Bei den Herren starten die Deutschen Tobias Wendl und Tobias Arlt nach dem Rücktritt der elffachen Weltmeister und Olympia-Zweiten von Peking, Toni Eggert und Sascha Benecken (GER), als klare Favoriten in die neue Saison. Das Duo aus Bayern hat 2022 zum dritten Mal in Serie Olympia-Gold im Doppelsitzer und in der Team-Staffel eingefahren und in der Vorsaison zum fünften Mal in ihrer Karriere im Gesamtweltcup triumphiert. In die Rolle der Jäger drängen neben den Letten Martins Bots/Roberts Plume, Emanuel Rieder/Simon Kainzwaldner (ITA) und Hannes Orlamünder/Paul Gubitz (GER) auch die Österreicher.

Neben Yannick Müller und Armin Frauscher, die im Vorjahr mit drei Medaillen bei der Weltmeisterschaft in Oberhof so richtig aufzeigen konnten, drängen auch Juri Gatt und Riccardo Schöpf ins Rampenlicht. Die 22-jährigen Tiroler, die im vergangenen Dezember in Igls ihren ersten Weltcupsieg feiern konnten, schrammten im Gesamtweltcup 2022/23 als Viertplatzierte nur knapp am Podium vorbei.
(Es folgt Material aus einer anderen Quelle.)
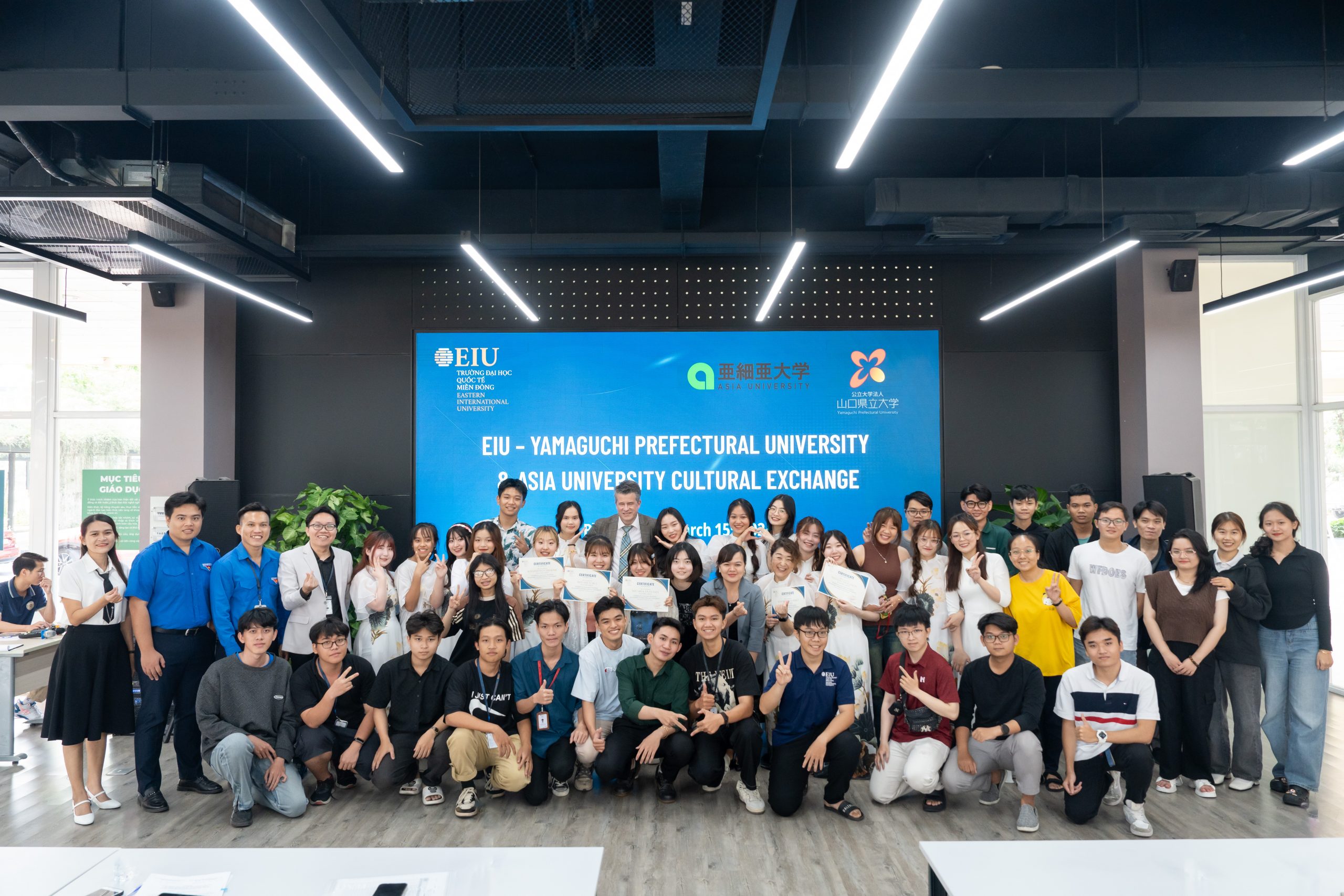 On March 15, 2024, an emotionally rich and meaningful connection activity took place between the students of the Eastern International University (EIU) and those from Yamaguchi Prefectural University (YPU) and Asia University, Japan, under the theme “EIU – Yamaguchi Prefectural University & Asia University Cultural Exchange”.

Geht man von der individuellen Klasse und Erfahrung aus, muss man auch das neu formierte Duo Thomas Steu und Wolfgang Kindl am Zettel haben. Der Vorarlberger bildet nach dem Rücktritt von Lorenz Koller mit dem 35-jährigen Tiroler ein Team. Kindl, in seiner angestammten Disziplin Olympia-Zweiter, Doppel-Weltmeister und Europameister, wird weiterhin auch im Einsitzer an den Start gehen.